==== Material supplied
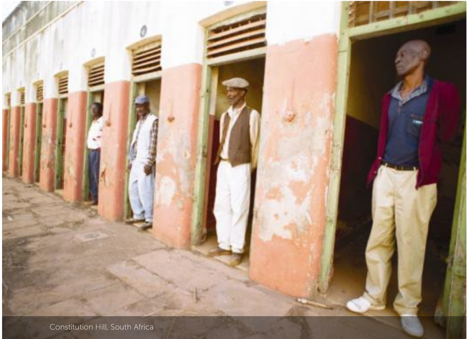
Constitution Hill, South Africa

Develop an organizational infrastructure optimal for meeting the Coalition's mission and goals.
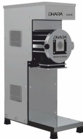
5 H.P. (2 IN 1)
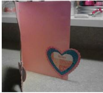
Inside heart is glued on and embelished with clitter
========
==== Material supplied
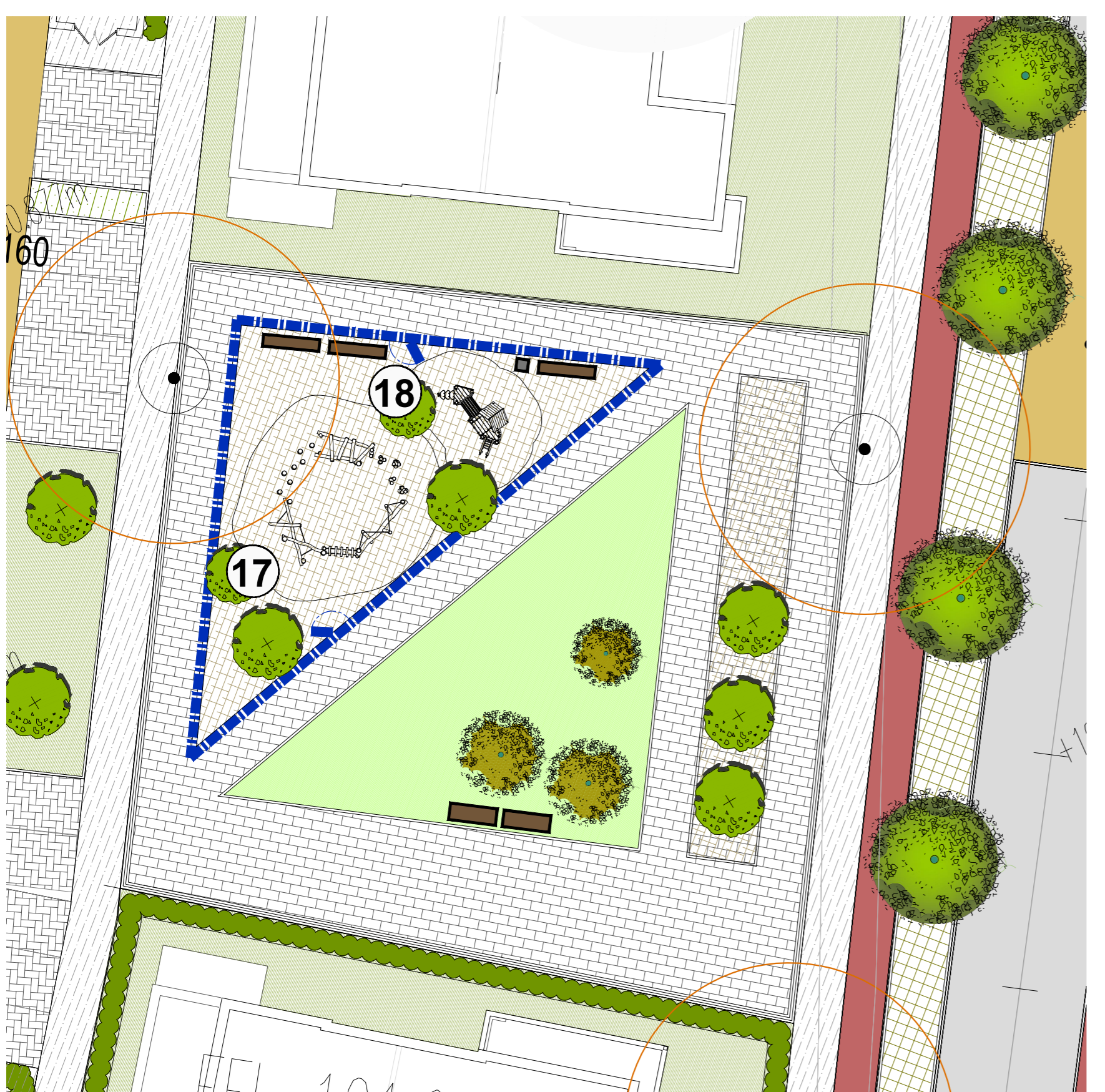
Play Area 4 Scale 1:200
========
==== Material supplied
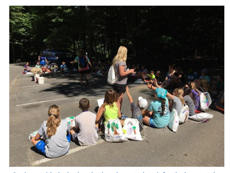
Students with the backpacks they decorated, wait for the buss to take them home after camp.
========
▶ [Task instructions] Which lines in the records above contain the word "with"? Return each of them.

▶ [Result of the task]
Inside heart is glued on and embelished with clitter
Students with the backpacks they decorated, wait for the buss to take them home after camp.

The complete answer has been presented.